Neste tipo de ilícito, a prova mãe é, sem dúvida, a testemunhal. Mister é que, na fase do inquérito se proceda à inquirição dos ofendidos e testemunhas por forma a colocar o(s) arguido(s) no local do crime, o(s) ofendido(s) em pleno exercício das suas funções e as acções perpetradas suficientemente caracterizadas para cabal preenchimento e descrição dos elementos objectivos e subjectivos no libelo acusatório.

Estando em causa somente um crime de resistência e coacção a funcionário, não é possível o funcionário constituir-se assistente27, mas pode e deve haver dedução de pedido cível, a

formular pelo Ministério Público, por prejuízos sofridos pelo Estado, por danos causados a funcionário, no exercício de funções. Com frequência, a Polícia de Segurança Pública e a Guarda Nacional Republicana têm vindo a solicitar ao Ministério Público que proponha acções contra cidadãos para obter o reembolso de quantias que despenderam com agentes seus, que foram vítimas de agressões ou acidentes, quando se encontravam dentro e até fora de serviço. Mas atenção, pode, quanto a nós, coexistir concurso real entre o crime de resistência e coacção a funcionário e o crime de ofensa à integridade física do agente e daí que nada obste a que este seja notificado para deduzir, querendo, pedido cível, pelos danos sofridos.

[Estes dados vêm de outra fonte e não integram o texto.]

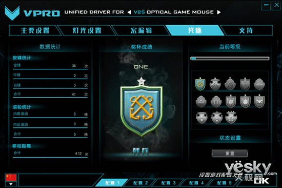 奖杯页面中,能够统计鼠标的按键次数及移动距离合计等。
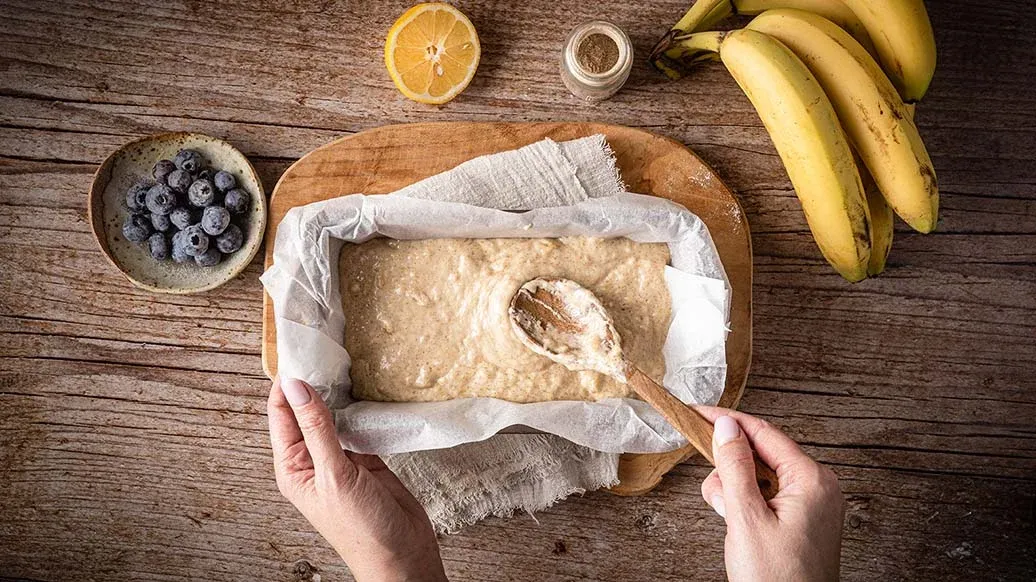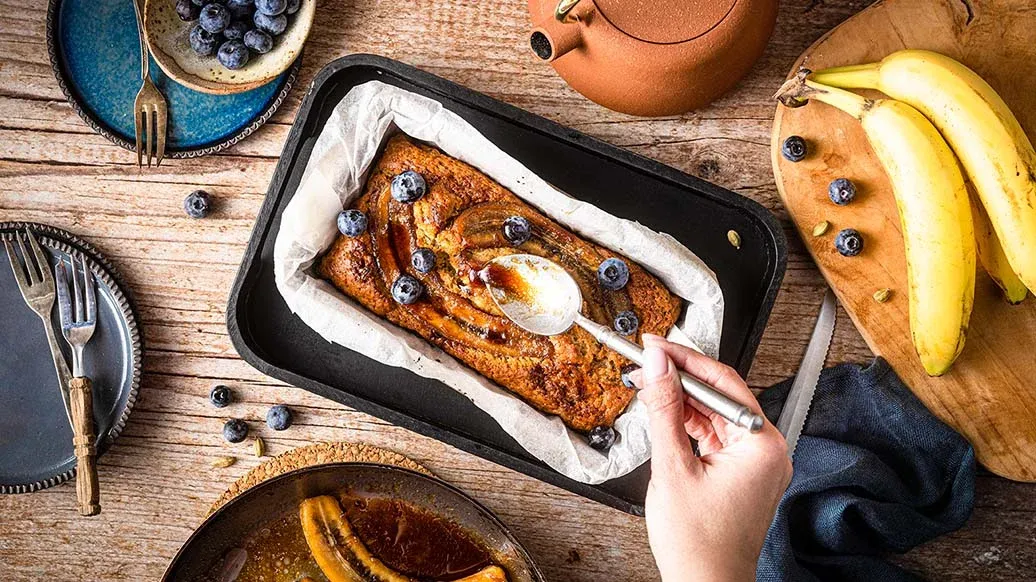 Wilgotny, aromatyczny chlebek bananowy z kardamonem. Sos sojowy Kikkoman o obniżonej zawartości soli podkreśla słodycz bananów i glazury z syropu klonowego, jednocześnie dodając głębi i subtelnego posmaku umami.
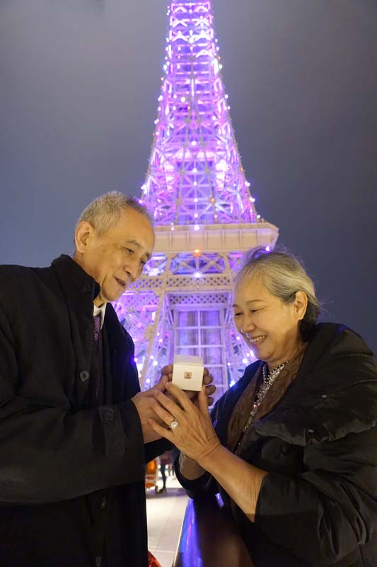 老爷爷特意挑选了浪漫的DR求婚钻戒,男士一生仅能定制一枚。希望给老奶奶最好的承诺:一生只爱你一人。用DR求婚钻戒My Heart系列表达“把心交给你”的约定,从此一心一意,一生一世。

No que respeita às medidas de coacção que podem ser aplicadas ao agente do crime, concluímos que, desde que preenchidos os respectivos pressupostos, excepção feita ao indissociável Termo de Identidade e Residência, podem ser aplicadas quaisquer medidas de coacção, incluindo a mais gravosa, a prisão preventiva. Assim é uma vez que, como dissemos, o crime de resistência e coacção sobre funcionário cai no âmbito da alínea b) do n.º 1 do artigo 202.º do Código de Processo Penal e, por conseguinte, na alínea j) do n.º 1 do artigo 1.º da mesma lei, porque respeitante a criminalidade violenta.

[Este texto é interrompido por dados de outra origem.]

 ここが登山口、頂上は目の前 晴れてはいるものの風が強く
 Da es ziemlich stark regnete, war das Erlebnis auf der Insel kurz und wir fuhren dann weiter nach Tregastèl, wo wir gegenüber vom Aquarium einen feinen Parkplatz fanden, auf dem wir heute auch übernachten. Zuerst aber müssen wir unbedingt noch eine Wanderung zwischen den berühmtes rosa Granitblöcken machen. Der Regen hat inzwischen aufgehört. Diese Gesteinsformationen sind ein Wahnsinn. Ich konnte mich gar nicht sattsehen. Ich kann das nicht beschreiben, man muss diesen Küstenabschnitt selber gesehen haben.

Para além da submissão a julgamento sob a forma de processo comum, é possível, atentos os contornos da investigação, o julgamento sob a forma sumária ou abreviada, assim como os habituais institutos de consenso e oportunidade, como a suspensão provisória do processo ou o processo sumaríssimo. Naturalmente, sempre no escrupuloso cumprimento da lei e atendendo às especificidades do caso concreto, que deverão nortear o Ministério Público logo no primeiro contacto com o processo.

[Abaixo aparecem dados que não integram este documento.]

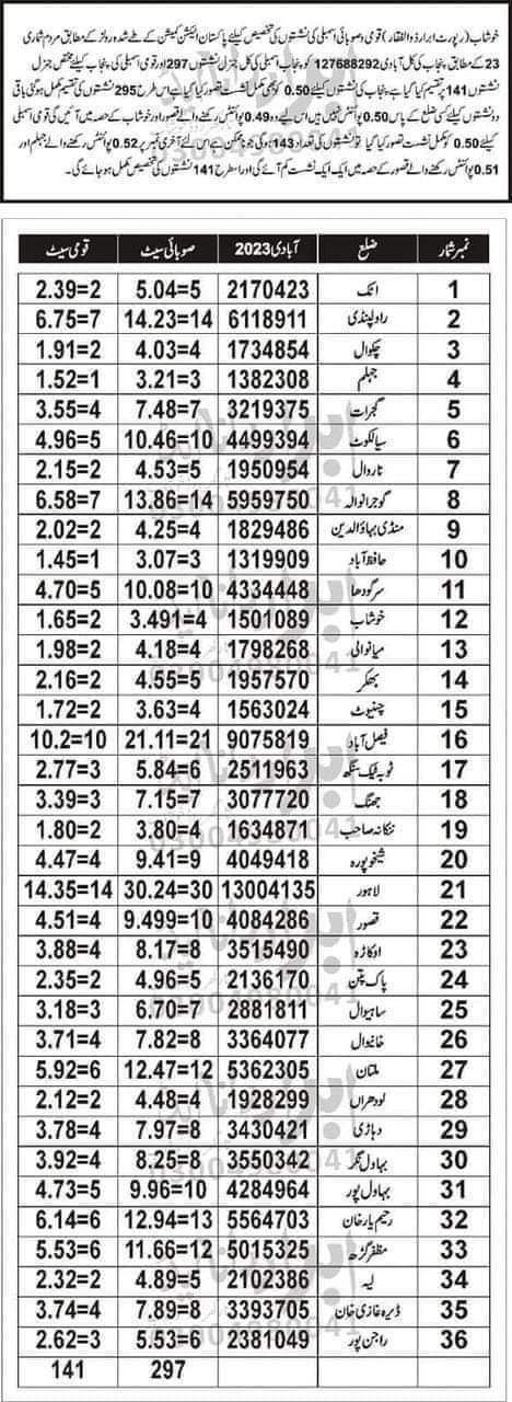 پاکستان تازہ ترین لاہور (سہ پہر) پنجاب کےتمام اضلاع کی نشستوں کےاعدادو شمارجاری کردئیےگئےالیکشن کمیشن کےنئی مردم شماری کےقواعدوضوابط کےتحت admin 2023-09-27 لاہور پنجاب کےتمام اضلاع کی نشستوں کےاعدادو شمارجاری کردئیےگئےالیکشن کمیشن کےنئی مردم شماری کےقواعدوضوابط کےتحت.

26 Entre outros, acórdão do Tribunal de Coimbra, de 08 de Setembro de 2010, processo n.º 9/09.0GBCNT.C1,

relatado por Alberto Mira; acórdão do Tribunal da Relação de Lisboa, de 09 de Maio de 2017, processo n.º 17/16.3PTHRT.L1-5; acórdão do Tribunal da Relação do Porto, de 17 de Abril de 2013, processo n.º 597/12.2GCOVR.P1, relatado por Melo Lima.

27 O artigo 68.º, n.º 1, alínea a), do Código de Processo Penal estabelece como regra que só se podem constituir

assistentes “os titulares dos interesses que a lei especialmente quis proteger com a incriminação” e, como vimos, o crime de resistência e coacção sobre funcionário não pretende proteger directamente os interesses de nenhuma pessoa em particular, mas do Estado.